-- Action item --
Shown below are entries with pictures; the line with "時を満たす鐘が Transmigration |" through the line with "Quand les blancs" is the span to retype exactly, and the pictures stay out.

[Data excerpts]
══════

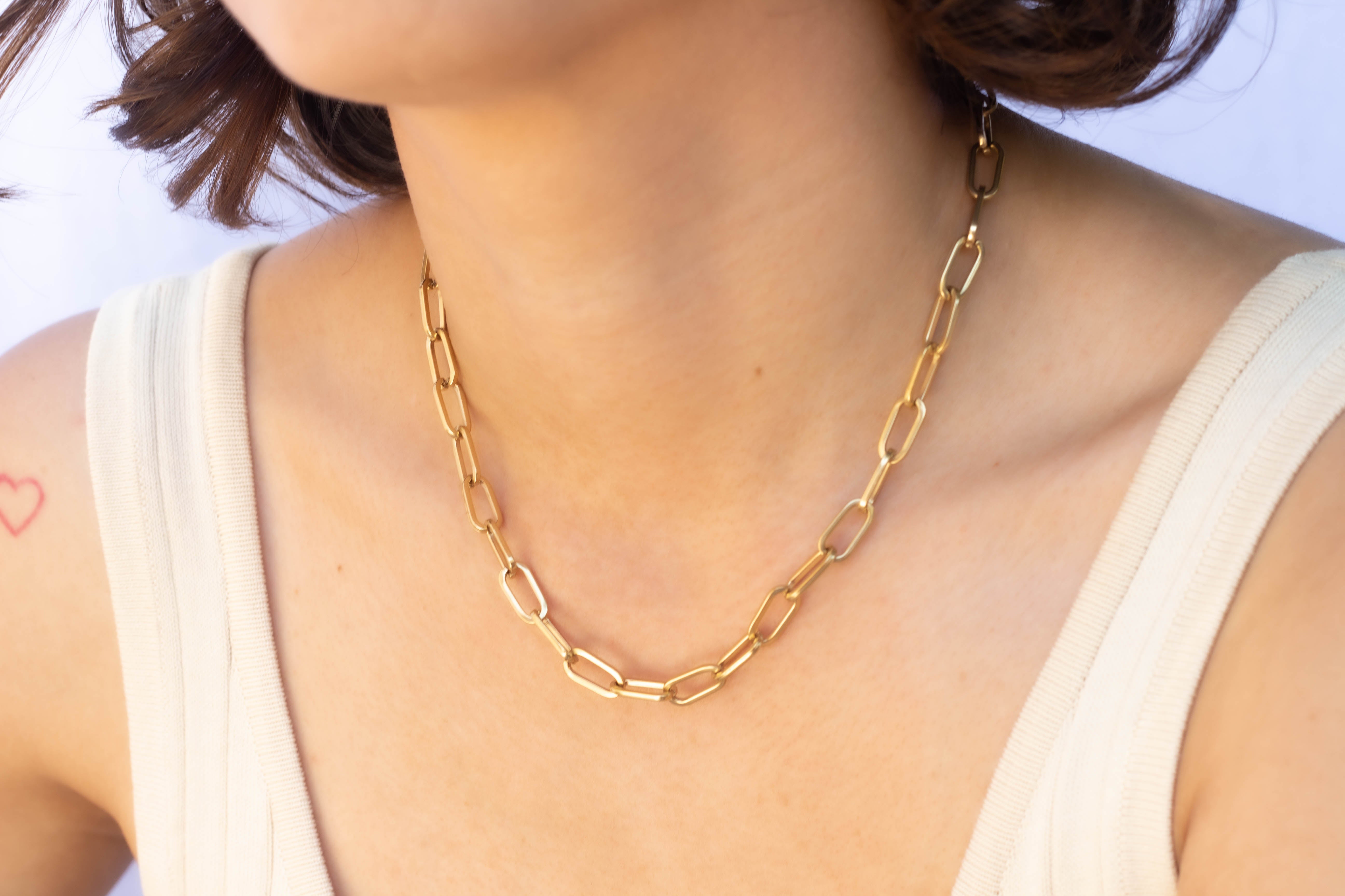 This Matte Paper Clip Link Chain is a sleek and modern accessory that adds a touch of sophistication to any outfit. Its unique design offers a trendy twist on the classic paper clip shape, making it a statement piece for any occasion. Made from high-quality materials, this chain is durable and stylish. Elevate your style game with this must-have accessory. 🤎
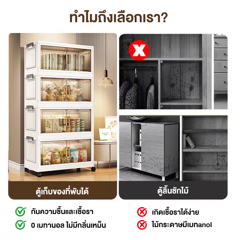 MULI ตู้เก็บของพับได้ ตู้เก็บของ กันความชื้น 5 ชั้น สำหรับคอนโดพื้นที่เล็ก ส่งฟรี 100-500L
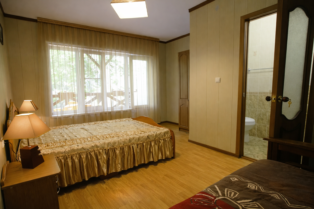 Гостевой дом находится недалеко от центра Кабардинки (5 минут ходьбы). До моря 10-12 минут пешком через рынок, центр, -магазины и кафе. Дороги асфальтированы и освещаются. К услугам гостей просторные, современные номера с новой качественной мебелью и сантехникой. Все номера с удобствами, в каждом номере спутниковое ТВ, общие кухни на каждом этаже, общая гладильная комната. Но главное достоинство ВИталии — это прекрасная просторная и очень зелёная территория с детской площадкой, качелями для детей, турником и песочницей. Для каждого номера предусмотрено место для отдыха на просторной веранде в тени и зелени с видом на розарий и фонтанчик.
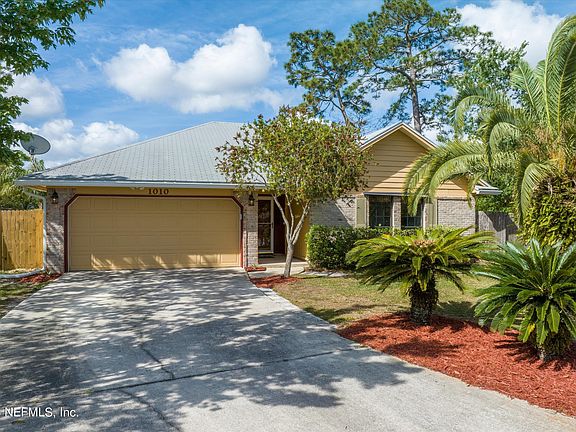Welcome home to this lovely 4/2 on a cul-de-sac in the desirable community of Grogans Bluff. The exterior offers a large fenced yard with beautiful trees, fire pit with pavers, and an oversized screened lanai. It's fully fenced for privacy, and double gates would allow RV or boat parking. Open concept for easy living, and a split floor plan arrangement for bedrooms. Three of the bedrooms have walk in closets. Enjoy the cozy fireplace in the great room, separate dining room, and also an eating space area in the kitchen. All appliances convey, well with pump for watering the yard. Very convenient location to shopping , restaurants, and the beaches.
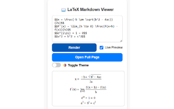 مشاهد LaTeX Markdown هو ملحق لمتصفح Chrome مصمم لعرض ملفات LaTeX وMarkdown بسلاسة. إنه يلبي احتياجات الطلاب والباحثين والمطورين الذين يحتاجون إلى أداة فعالة لعرض وتحرير الوثائق التقنية. يقدم الملحق عرض Markdown جميل، مما يسمح للمستخدمين بمعاينة الملفات على الفور مع مخرجات نظيفة ومنسقة. بالإضافة إلى ذلك، فإنه يدعم المعادلات الرياضية المعقدة من خلال MathJax، مما يتيح عرضًا قابلًا للتكبير من أجل وضوح معزز.
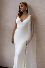 Vestidos de novia largos de satén elegantes con escote en V y cola de sirena
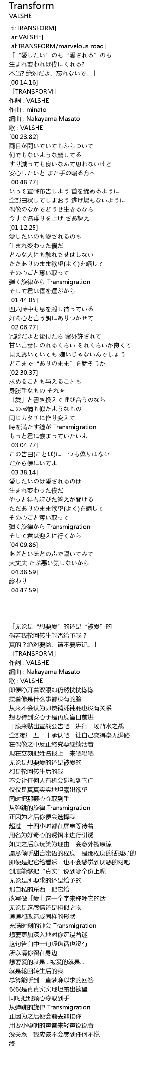 | [02:49.65] | 時を満たす鐘が Transmigration |
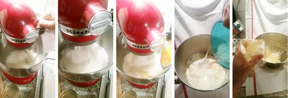 Quand les blancs sont au bec d’oiseau diminuer la vitesse ajouter les jaunes et continuer à battre 15 secondes, le temps qu’ils soient bien incorporés.
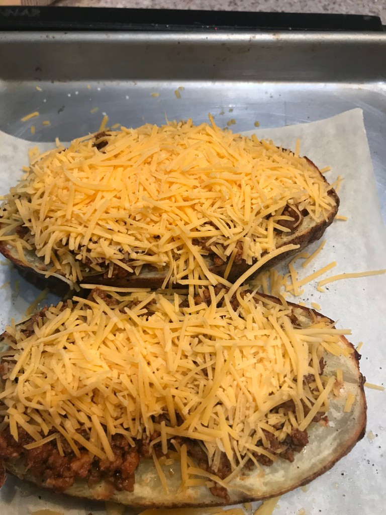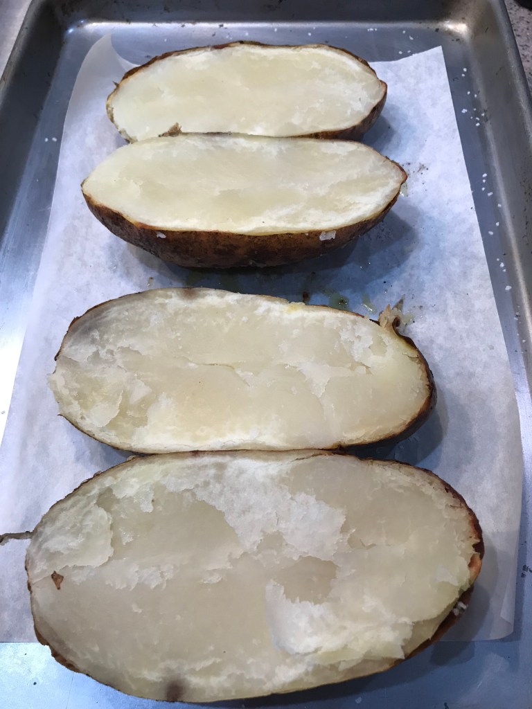 For the potatoes – scrum them clean and pat them dry. Coat them with olive oil, salt and pepper. Cook in a 400 degree oven for about 45-60 minutes depending on the size of your potatoes. The internal temperature should be 300 for a potato to be cooked through. Remove from the oven and allow them too cool before prepping for the filings.
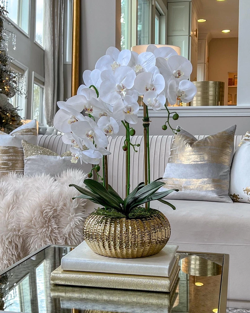 Description: This white potted faux Orchid is beautiful! The gold circle pot is perfect to match the rest of your home’s decor. Place anywhere in your home to display.

══════

-- Written solution --
 | [02:49.65] | 時を満たす鐘が Transmigration |
 Quand les blancs sont au bec d’oiseau diminuer la vitesse ajouter les jaunes et continuer à battre 15 secondes, le temps qu’ils soient bien incorporés.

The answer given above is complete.